**Given information**
Content starts

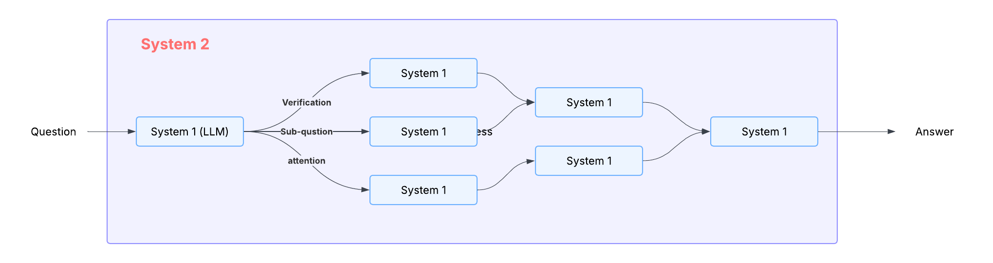 这代表了一种更深层次的思维模式,目前主要通过CoT来实现。在生成最终答案之前,System 2会进行系统性的推理分析。它具有以下优势:
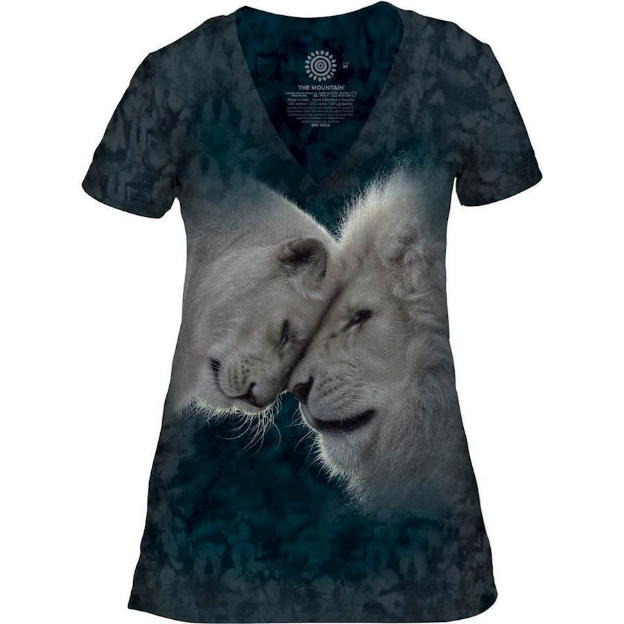 Kærlighed løver imellem kan se så smukt ud. Ny T-shirt model til kvinder med super pasform og v-hals, der fremhæver de kvindelige former. Kortærmede damebluser med masser af magi og flotte dyremotiver.
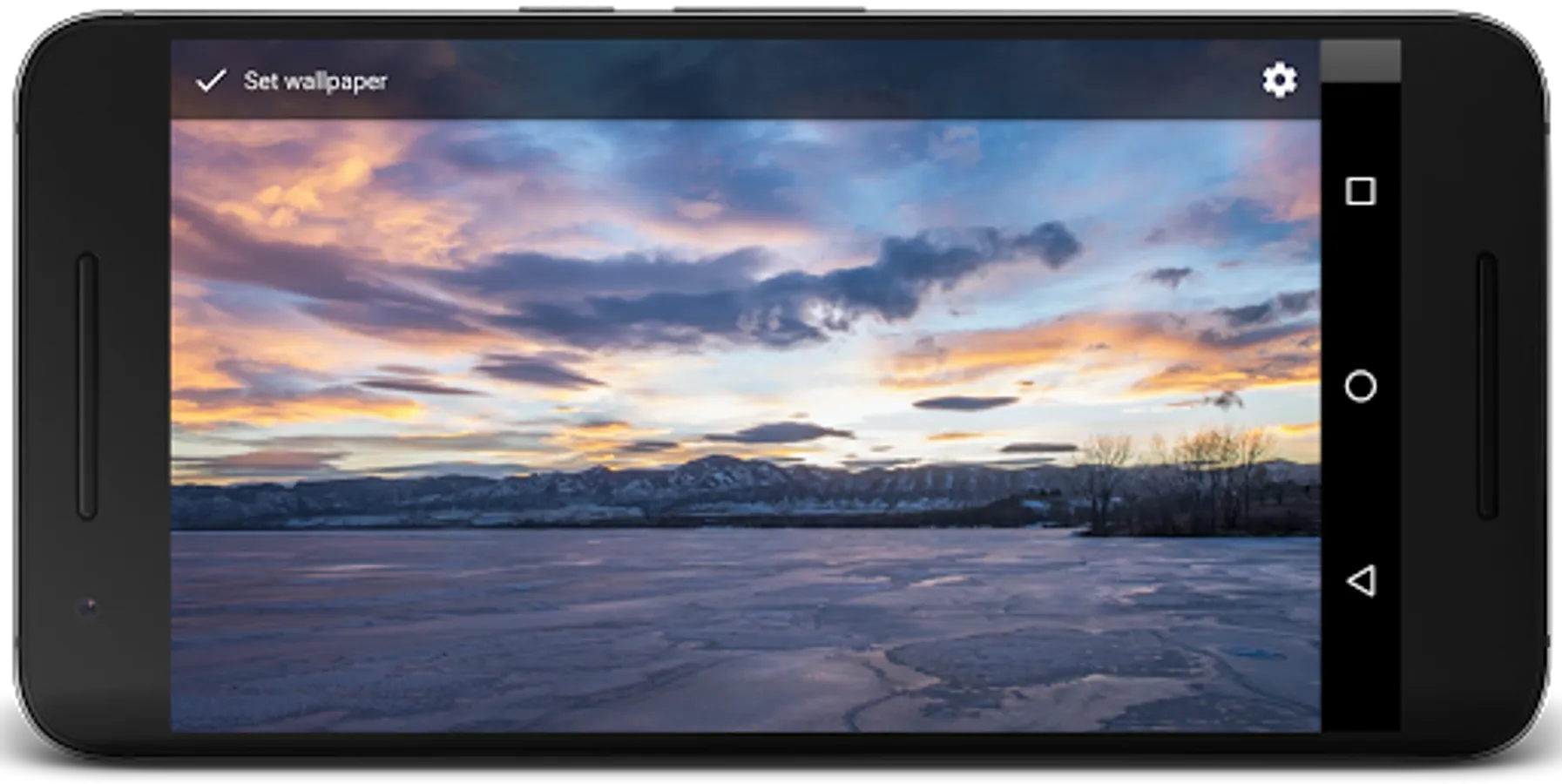 This app is a high-resolution live wallpaper of colorful winter sunset clouds rolling over a frozen mountain lake. It's made of a high quality HD video. The app runs smoothly and efficiently, and it consumes very minimum battery power, memory and cpu time. It has No ads.

Content ends

**Exercise description**
Omit the pictures and output all of the other material exactly.

**Output for this task**
 这代表了一种更深层次的思维模式,目前主要通过CoT来实现。在生成最终答案之前,System 2会进行系统性的推理分析。它具有以下优势:
 Kærlighed løver imellem kan se så smukt ud. Ny T-shirt model til kvinder med super pasform og v-hals, der fremhæver de kvindelige former. Kortærmede damebluser med masser af magi og flotte dyremotiver.
 This app is a high-resolution live wallpaper of colorful winter sunset clouds rolling over a frozen mountain lake. It's made of a high quality HD video. The app runs smoothly and efficiently, and it consumes very minimum battery power, memory and cpu time. It has No ads.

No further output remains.